I will use a power thicknesser for dimensioning, but I will use hand planes for removing twists, squaring and final smoothing.
I plan to use a block plane in a jig for squaring edges and endgrain.

I think I should get 3 planes: a jack plane, a block plane and a smoother. 

The number of different models and the fact that some planes can be used both as block planes and smoothing planes confuses me.

Could you please help me choosing 2-3 planes for my use?


----------



## mrkozmic (Mar 9, 2012)

After some research I think I will go for a Low-Angle Block Plane with blades at different angles for flexibility. I also think the Veritas® Low-Angle Jack Plane looks interesting. But when it comes to smoothing planes I have no clue, but maybe a Veritas® Low-Angle Smooth Plane.


----------



## Wrangler02 (Apr 15, 2011)

There are so many options available to you that what you are going to learn here is that each of us hand tool guys will give you a different opinion. 

A hand plane is no more than a jig to hold a chisel. It has to hold the cutter firmly so that it doesn't chatter. It should be easy to adjust. The sole should be flat (something we all check and deal with after purchase). 

That being said - you get what you pay for.
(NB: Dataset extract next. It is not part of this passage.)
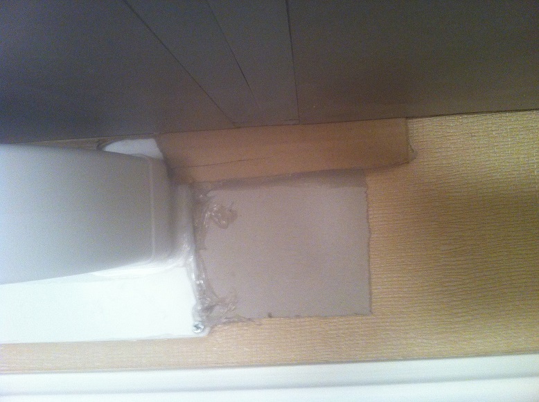 10. Полез смотреть как сделана вытяжка, мебельщик ошибся с размерами -выходной короб вытяжки был меньше отверстия на стене. Мебельщик закрыл открытое пространство КАРТОНКАМИ ИЗ ПОД УПАКОВКИ ТЕХНИКИ (даже в один кусок не уложился).

Cheap planes may chatter, be hard to adjust, or have poor castings and machining or not. Generally you spend more and things improve. When you get to the level of Veritas, Lee Nielson or Clifton function is no longer the issue it almost becomes appearance. 
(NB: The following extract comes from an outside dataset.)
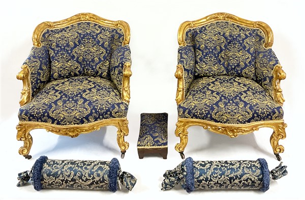 Coppia di antiche poltrone in legno intagliato e dorato con decoro a volute fogliate, piedi muniti di rotelle, con cuscini; unite ad un poggiapiedi diverso (difetti)

Then there are those of us that prefer to use old tools. We prefer to invest sweat equity rather than cash.


----------



## firemedic (Dec 26, 2010)

These two things you mention really jump out at me when considering the planes you are thinking of going with.



mrkozmic said:


> [...]but I will use hand planes for removing twists[...]
> 
> I plan to use a block plane in a jig for squaring edges and endgrain.


"removing twist" as you call it is called jointing. None of those three planes are very functional for jointing - assuming you are working with stock greater than around 18" long. Ideally you want a jointing plane to be as long as you can reasonably manage. Most of your jointing planes will be 18"-24" long but you can find much longer ones in a wood body. You want to joint one side of the board prior to thickness planing.

The second thing is "jigs" for squaring edge and ends. Ends can be squared quite effectively with a shoot (chute) board but the best jig for long grain is you and a square.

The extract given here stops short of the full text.